Data extracted from a collection:

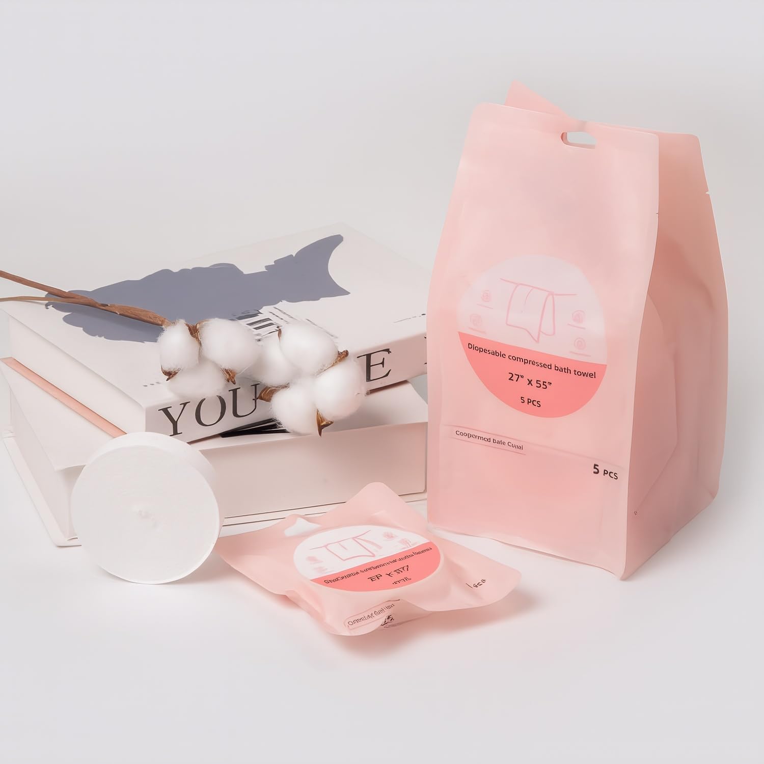 SKY-TOUCH 5Pcs Large Compressed Disposable Bath Towels, 70x140cm Portable Single-Use Towels, Soft and Absorbent Travel Towels for Camping, Hotel, Beach, Gym, and Outdoor Use(Pink)
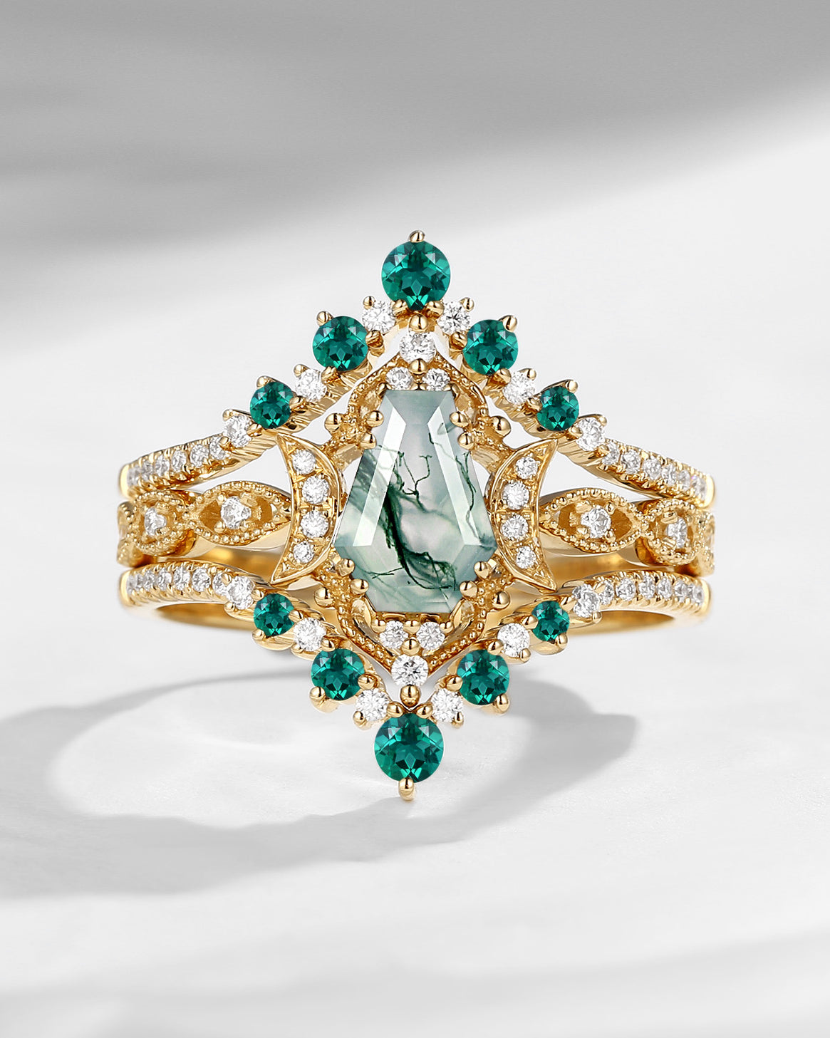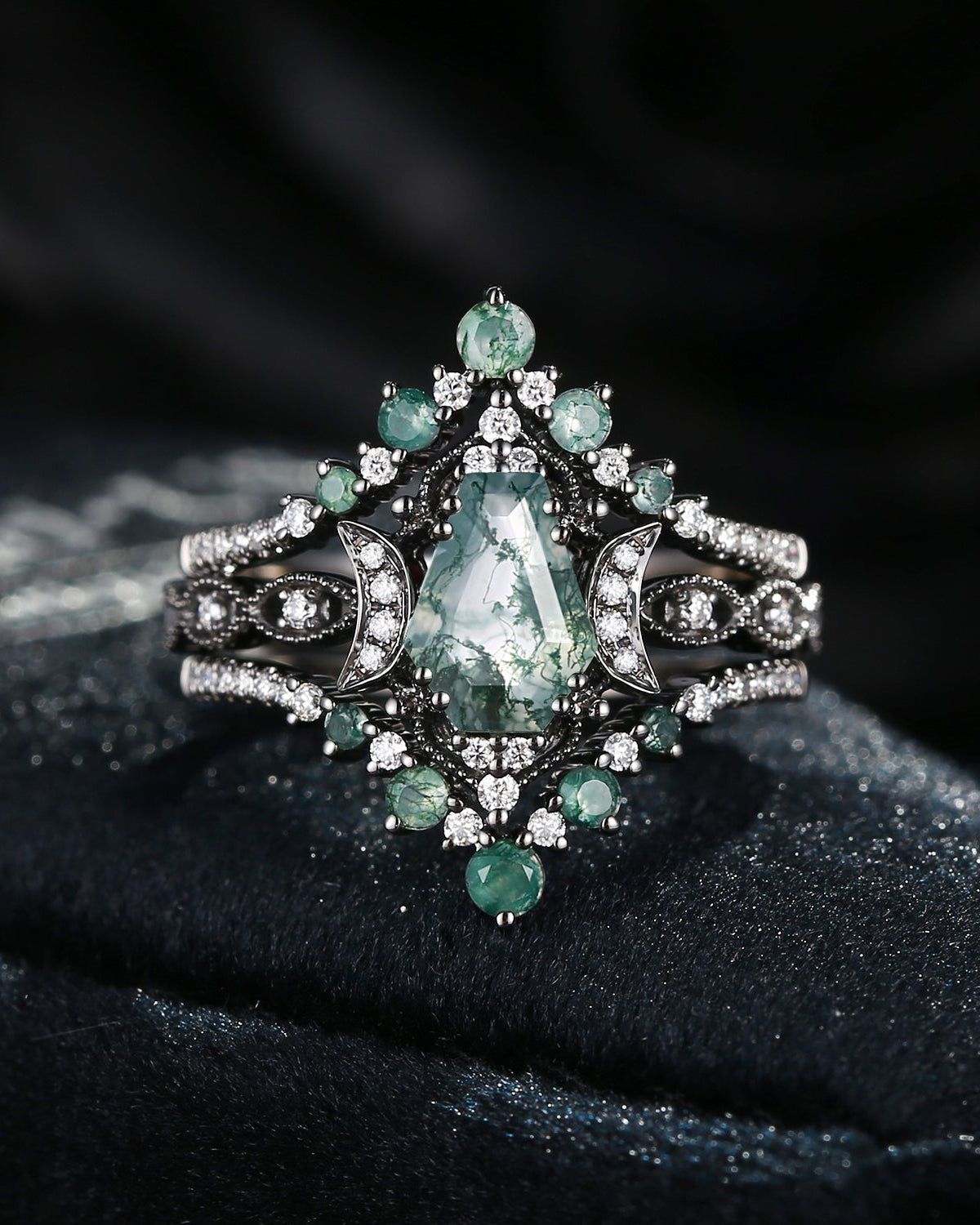 Crescent Moon | Coffin Moss Agate & Lab Emerald Ring 3pcs 18k - Till Death Do Us Apart
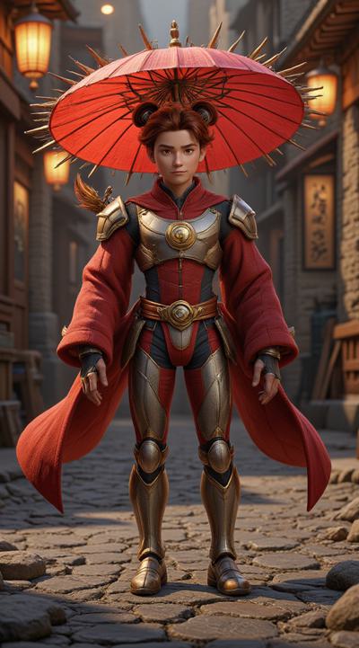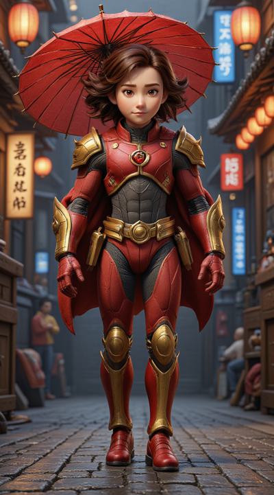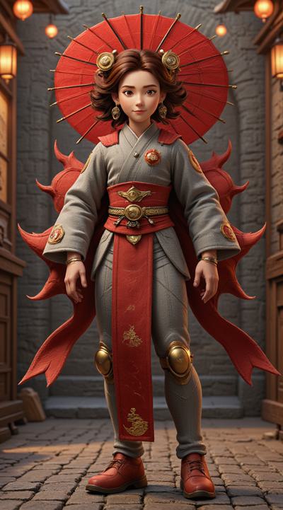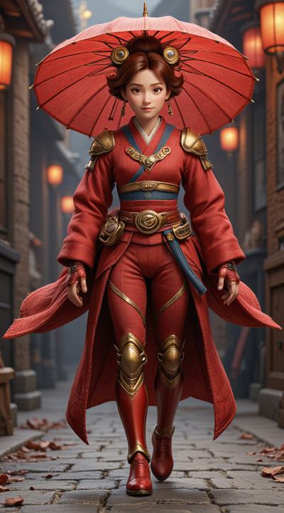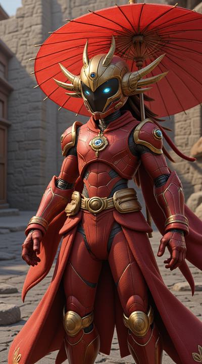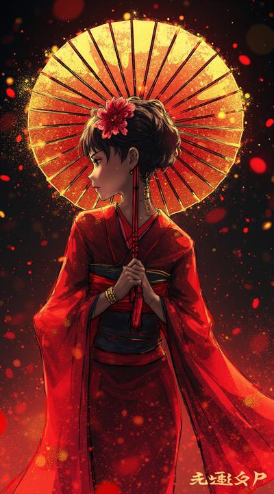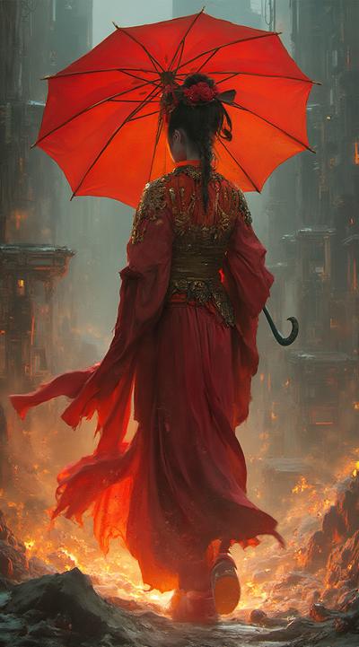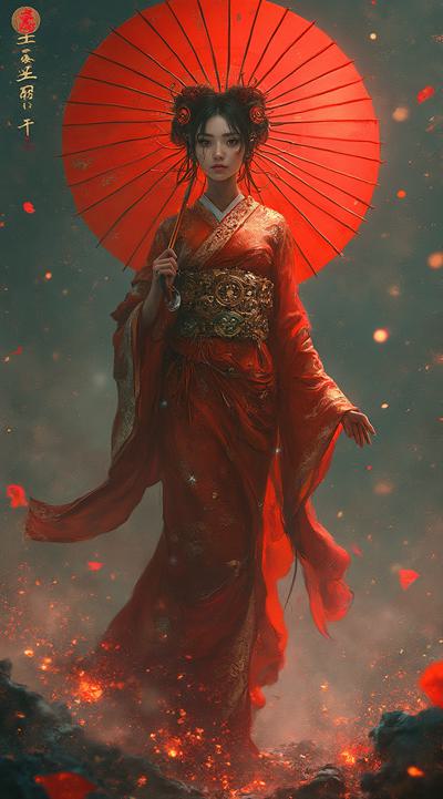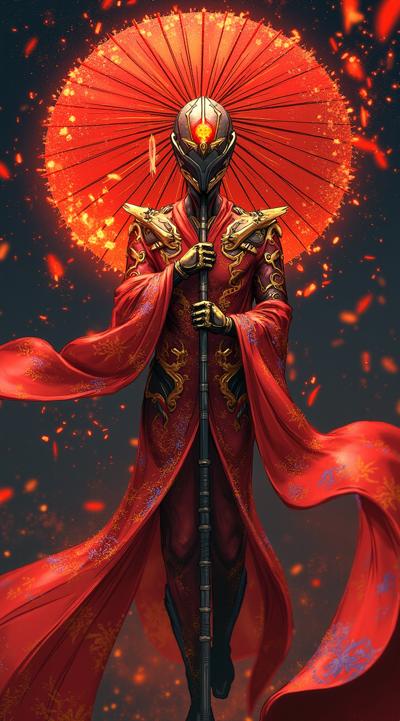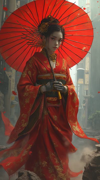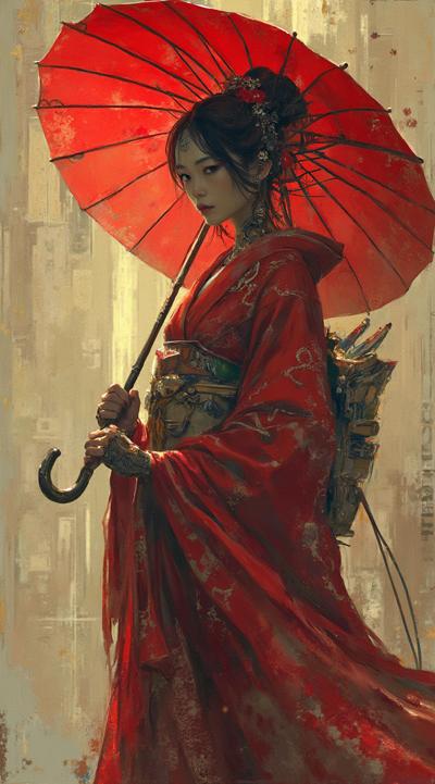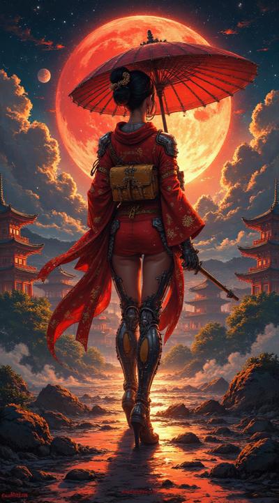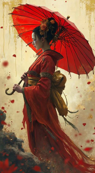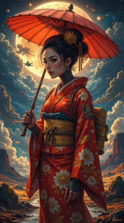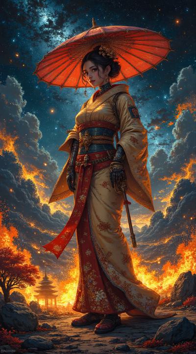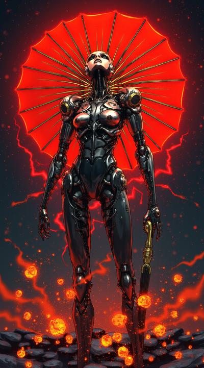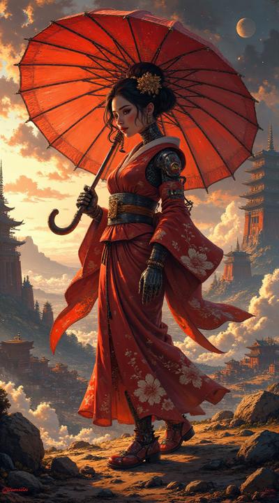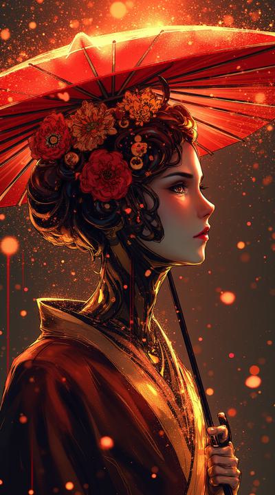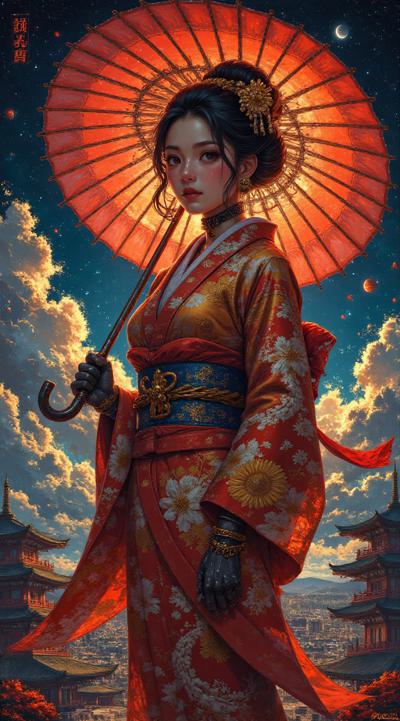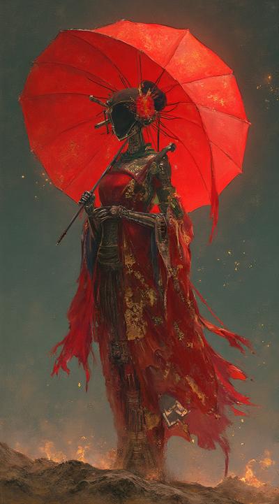 , drawing dark anime, annihilation, diarama diagrams, gold and red, space, Mechanical Geisha Cyborg with an Umbrella, ,
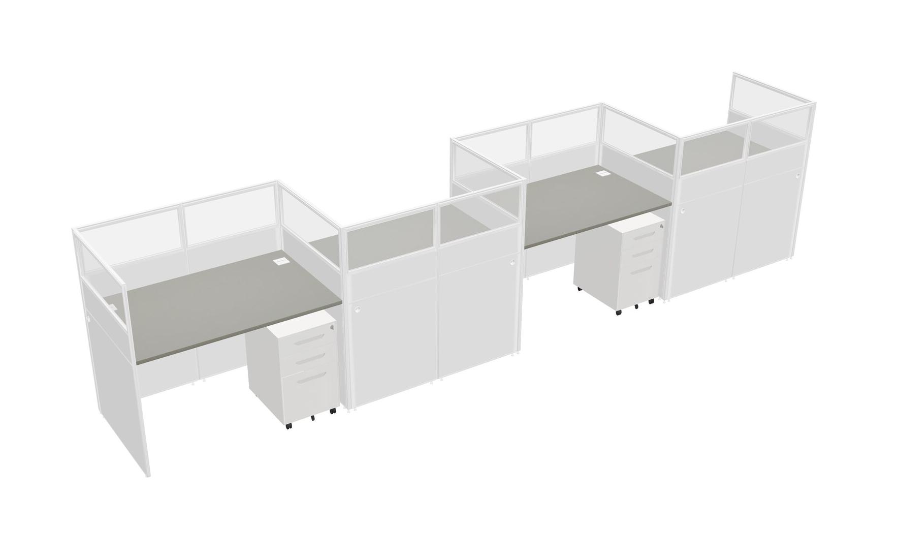 Grey Shadows Rectangular Cubicle Workstations For 4 - Zigzag Formation + White Metal Mobile Drawers
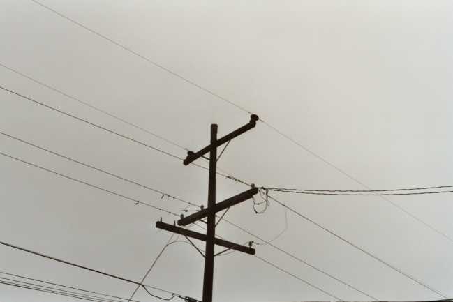 This pole is on a different street than the previous photos. Notice the top crossarm is tilted forward and the pole is ancient enough to have actual colored glass signal insulators on the secondary crossarm. The colors look like they may be McLaughlin's. Looks like someone helped themselves to a couple of them when they put up that twist house drop! |
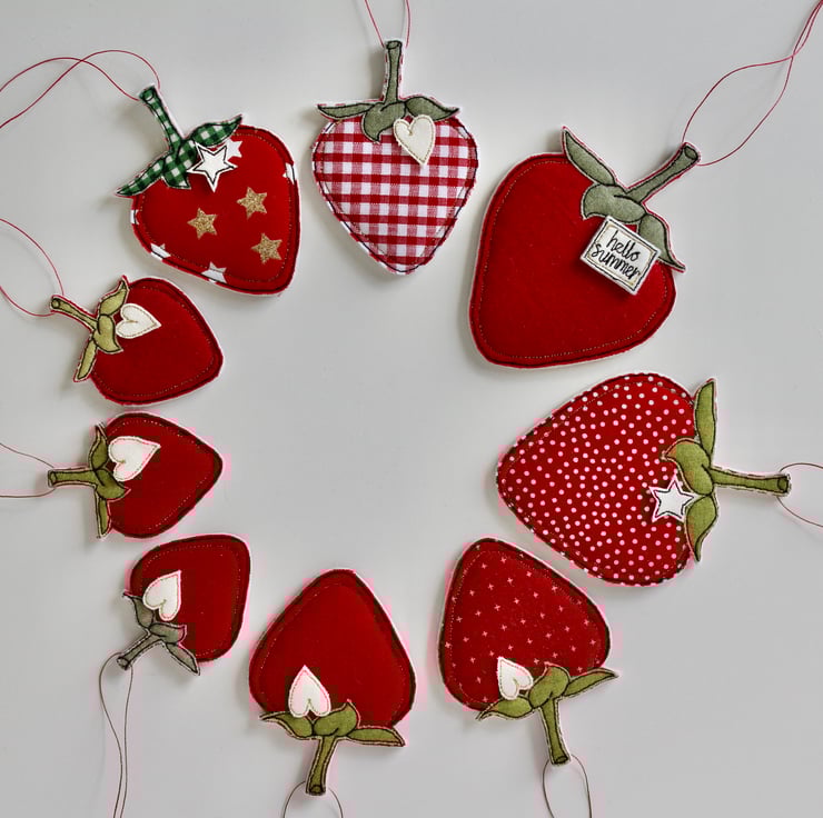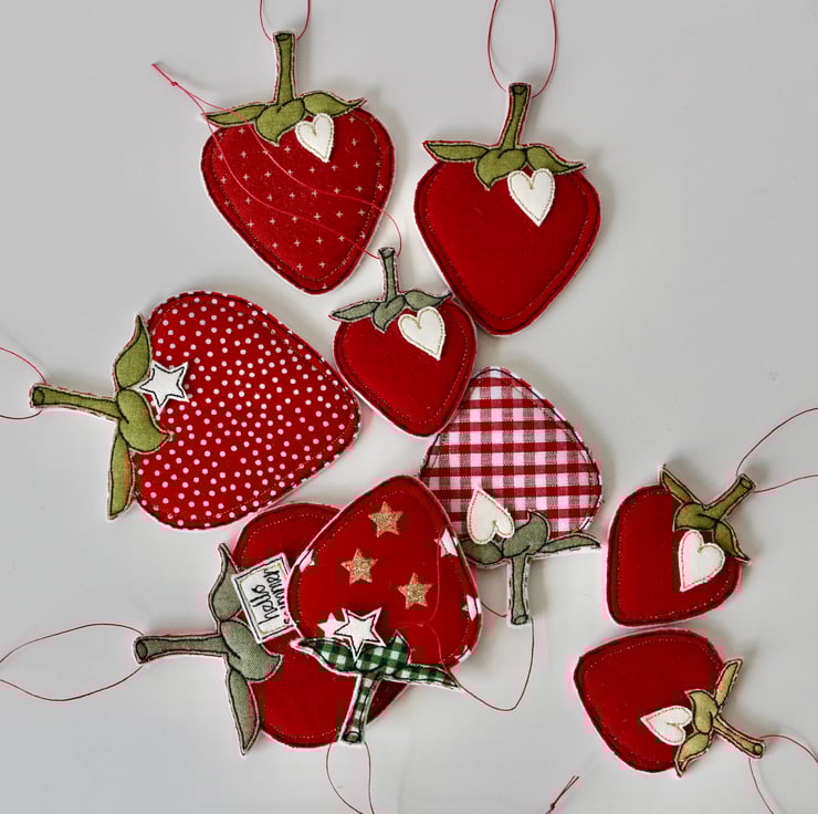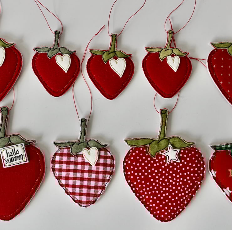 Strawberries are sewn using cotton cloth, 100% wool felt and free hand machine embroidery; multiple layers of cloth are sewn together and cut out by hand using sharp scissors. With linen strings to suspend.
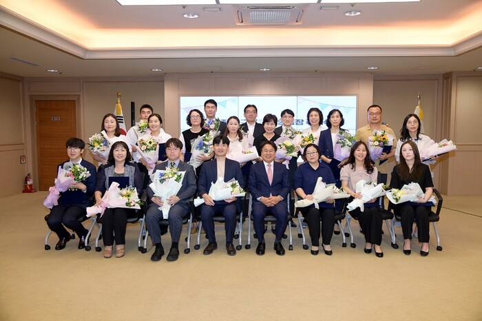 [광주=정찬남 기자] 광주광역시(시장 강기정)는 30일 오전 시청 비즈니스룸에서 강기정 시장이 참석한 가운데 새내기 공무직 12개 직종 24명에 대한 임용장 수여식을 개최했다.
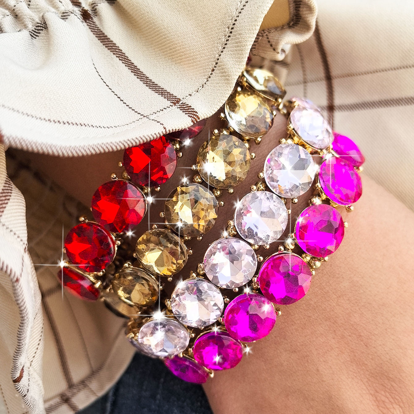 欧米で人気のファッション、誇張されたデザインのブレスレット、ガラスクリスタルとラインストーン、重ね付け可能、マルチカラー、シンプル、インスタ映え
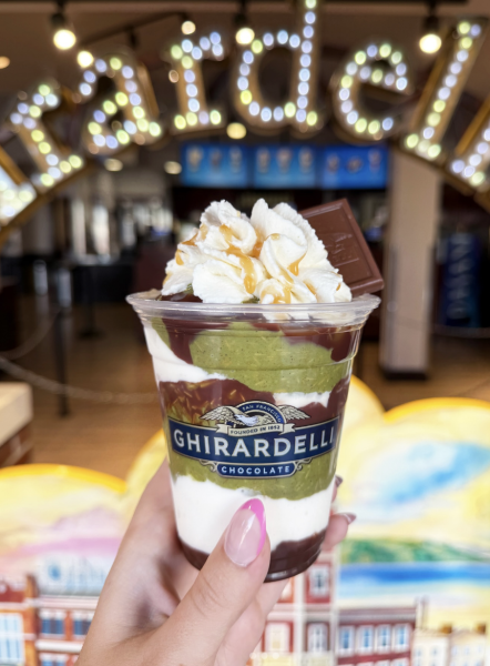 If you want a Dubai Chocolate flavor right here, right now, head on over to Ghirardelli in Disney Springs to try the Dubai Style Chocolate Sundae! This was released just over two months ago and features smooth vanilla ice cream, rich handmade hot fudge, creamy pistachio butter, toasted kataifi mixed with white chocolate, and sea salt. Then, it’s topped with whipped cream, caramel drizzle, and a Ghirardelli Milk Chocolate Caramel SQUARE.

EXERCISE:
Above are some records. Reproduce the lines from the one with "This pole is" down to the one with "欧米で人気のファッション、誇", keeping both, and leave every picture out.

TASK OUTPUT:
 This pole is on a different street than the previous photos. Notice the top crossarm is tilted forward and the pole is ancient enough to have actual colored glass signal insulators on the secondary crossarm. The colors look like they may be McLaughlin's. Looks like someone helped themselves to a couple of them when they put up that twist house drop! |
 Strawberries are sewn using cotton cloth, 100% wool felt and free hand machine embroidery; multiple layers of cloth are sewn together and cut out by hand using sharp scissors. With linen strings to suspend.
 [광주=정찬남 기자] 광주광역시(시장 강기정)는 30일 오전 시청 비즈니스룸에서 강기정 시장이 참석한 가운데 새내기 공무직 12개 직종 24명에 대한 임용장 수여식을 개최했다.
 欧米で人気のファッション、誇張されたデザインのブレスレット、ガラスクリスタルとラインストーン、重ね付け可能、マルチカラー、シンプル、インスタ映え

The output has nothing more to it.